Где-то очень близко словно бы жарили мясо. Я чувствовал, слышал говядину, баранину и как будто какую-то птицу. Медная посуда звонила.

Здесь, в глубине земли, я не мог понять, откуда это могло доноситься.

— А вы… вы продаёте шерстяные ткани?

Чёрные брови заходили. Дух посмотрел на меня так, словно я оскорбил и его, и его семью (вплоть до десятого коленья). Тонкие губы вытянулись в струну. Пробежавшись, искра ударила от брошенной накидки. Я отдёрнул руку.

Фавоний вздохнул.

Оставив починку пера, он снова наклонился. Скрылся на мгновенье и зашерудил. Он что-то, звеня, отодвинул. Кажется, люк в погреб. Показался дух уже с полным подносом.

Я сглотнул.

С непомерной жадностью впился взглядом в перепёлку… или, возможно, голубя… Неважно! Дух водрузил поднос на специальный выступ.

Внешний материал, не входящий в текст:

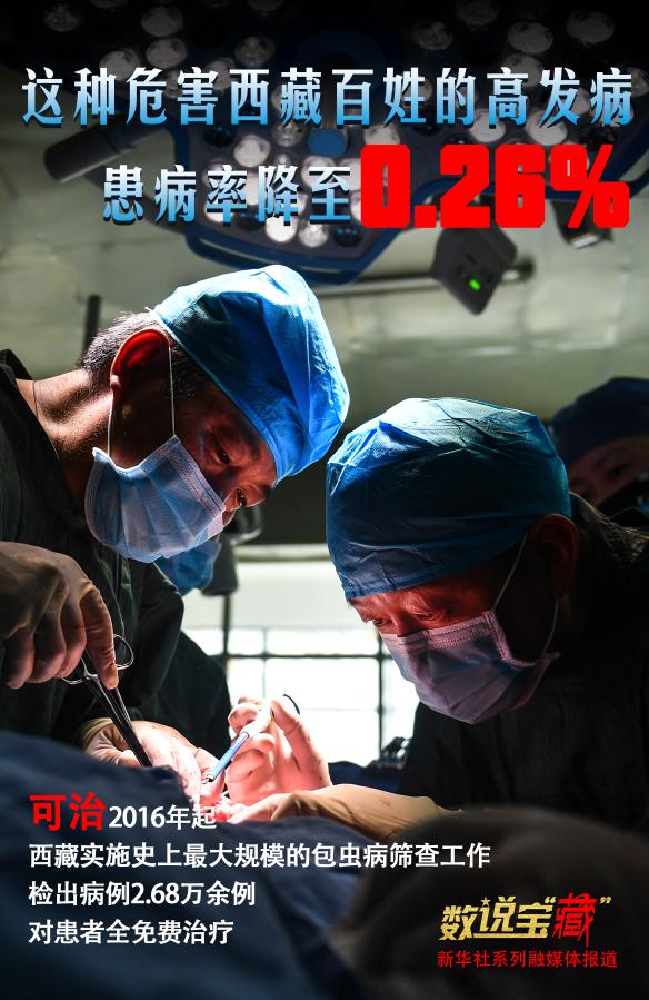 曾讓高原群眾談之色變的包蟲病,如今漸漸退出歷史舞臺。西藏自治區(qū)衛(wèi)生健康委主任格桑玉珍向記者介紹,經(jīng)過全人群篩查和免費(fèi)治療,西藏自治區(qū)74個(gè)縣(區(qū))中包蟲病人群患病率低于1%的縣(區(qū))達(dá)到70個(gè),患病率從2016年的1.66%下降至目前的0.26%,接近于全國平均水平。

— О, благодарю! Благодарю Вас господин!..

— Эх… люди! — сквозь плотно, очень плотно сжатые губы.

С наслаждением, почти что с фанатизмом я ухватил руками, вгрызся птице в грудку… Изми-и-ительно!… Я за жизнь, за целую ястребову жизнь не пробовал ничего вкуснее… настолько нежным мне показалось блюдо.

Косясь, дух покачал головой. Он вернулся к письму. Перо сломалось.

«Всё не по-людски у них!» — себе под нос.

— Спасибо!

Давясь, смахивая слёзы, я никак не мог прекратить глотать.

— Ешь-ешь… и выпить не забудь!

Взгляд Червза остановился на графине. Он тяжело вздохнул и полез за другим пером.

Заглотив пирог (чуть горьковатый), я вытер рот салфеткой. Немного поразмыслив вновь вернулся к птице. Кожа сползла, и под резцами ощущались волокна.

Кобольд глянул искоса, прицыкнул. Чёрные брови его опустились.

— Потрясающая кухня!.. У вас тут всё так… удобно… Постояльцы могут прямо из зала смотреть, как готовятся блюда… Этим тоже Вы занимаетесь?

— А кто же ещё!.. За меня никто и ничего не сделает!

Мельком, но я поймал взгляд хозяина. Он смотрел на графин.

— Я прошу прощения, — голос вышел чуть «сырым». — Съесть ВСЁ в одиночку —это как-то неправильно. Вы не составите мне компанию?

Скрип. Заполняя книгу прямо на столе, дух подался вперёд.

Чёрные брови его изогнулись, а в голубых глазах загорелись яркие точки огней.

— Ты сам-то понял, что сказал?.. Мне и моё же предлагаешь!

Я сглотнул.

— И надолго жена вас оставила?

— Так… — Очень коротко и резко. Обмакнув перо, хозяин отчеркнул: — Твоё имя?

Короткий,обычный опрос. Фавоний уточнил род занятий, возраст и откуда я следую. Спросил ещё что-то навроде, а после отчеркнул. Расписался. Сразу на треть листа!.. Так, чтобы с единственного взгляда было очевидно, что его работа.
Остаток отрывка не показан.